= Einstein–Cartan–Evans theory =

Discredited unified theory of physics

Einstein–Cartan–Evans theory or ECE theory was an attempted unified theory of physics proposed by the Welsh chemist and physicist Myron Wyn Evans (May 26, 1950 - May 2, 2019), which claimed to unify general relativity, quantum mechanics and electromagnetism. The hypothesis was largely published in the journal Foundations of Physics Letters between 2003 and 2005. Several of Evans's central claims were later shown to be mathematically incorrect and, in 2008, the new editor of Foundations of Physics, Nobel laureate Gerard 't Hooft, published an editorial note effectively retracting the journal's support for the hypothesis.

==Scope==
Earlier versions of the theory were called "O(3) electrodynamics". Evans claims that he is able to derive a generally covariant field equation for electromagnetism and gravity, similar to that derived by Mendel Sachs.

Evans argues that Einstein's theory of general relativity does not take into account torsion, which is included in the Einstein–Cartan theory.

In 1998 Evans founded the Alpha Institute for Advanced Studies (AIAS) to keep developing his theory. Its website collects papers on the theory and recent developments.

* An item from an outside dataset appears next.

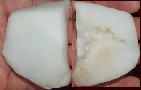 一是石英岩类玉石,色白、质地较细,外观很像白玉,过去所谓的"京白玉",就是一种细粒石英岩,地矿部门评价的“油石”矿,颗粒很细,但不能称为白玉,石英岩类的玉石硬度比和田白玉高,因此比白玉显出更强的玻璃光泽,在没有仪器检测的情况下,可以据此分辩。

The theory has been used to justify the motionless electromagnetic generator, a perpetual motion machine. In July 2017, Evans claimed (on his blog): "There is immediate international interest in [papers] UFT382 and UFT383, describing the new energy from spacetime (ES) circuits. There is also great interest in UFT364, the paper that describes the circuit [...] These circuits should be [...] developed into power stations." In November 2017, Evans expanded on this point as follows (again on his blog): "There is no reasonable doubt that the vacuum (or aether or spacetime) contains a source of inexhaustible, safe and clean energy. This source can be used in patented and replicated circuits such as those of [Evans's self-published papers] UFT311, UFT364, UFT382, and UFT383."

==Reception==
Evans's claims are not accepted by the mainstream physics community. In an editorial note in Foundations of Physics the Nobel laureate Gerard 't Hooft discussed the "revolutionary paradigm switch in theoretical physics" promised by ECE theory. He concluded that activities in the subject "have remained limited to personal web pages and are absent from the standard electronic archives, while no reference to ECE theory can be spotted in any of the peer reviewed scientific journals".

Several of the published contributions in this theory have been shown to be mathematically incorrect. In response to these demonstrations, 't Hooft's editorial note concludes, "Taking into account the findings of Bruhn, Hehl and Obukhhov, the discussion of ECE theory in the journal Foundations of Physics will be concluded herewith unless very good arguments are presented to resume the matter."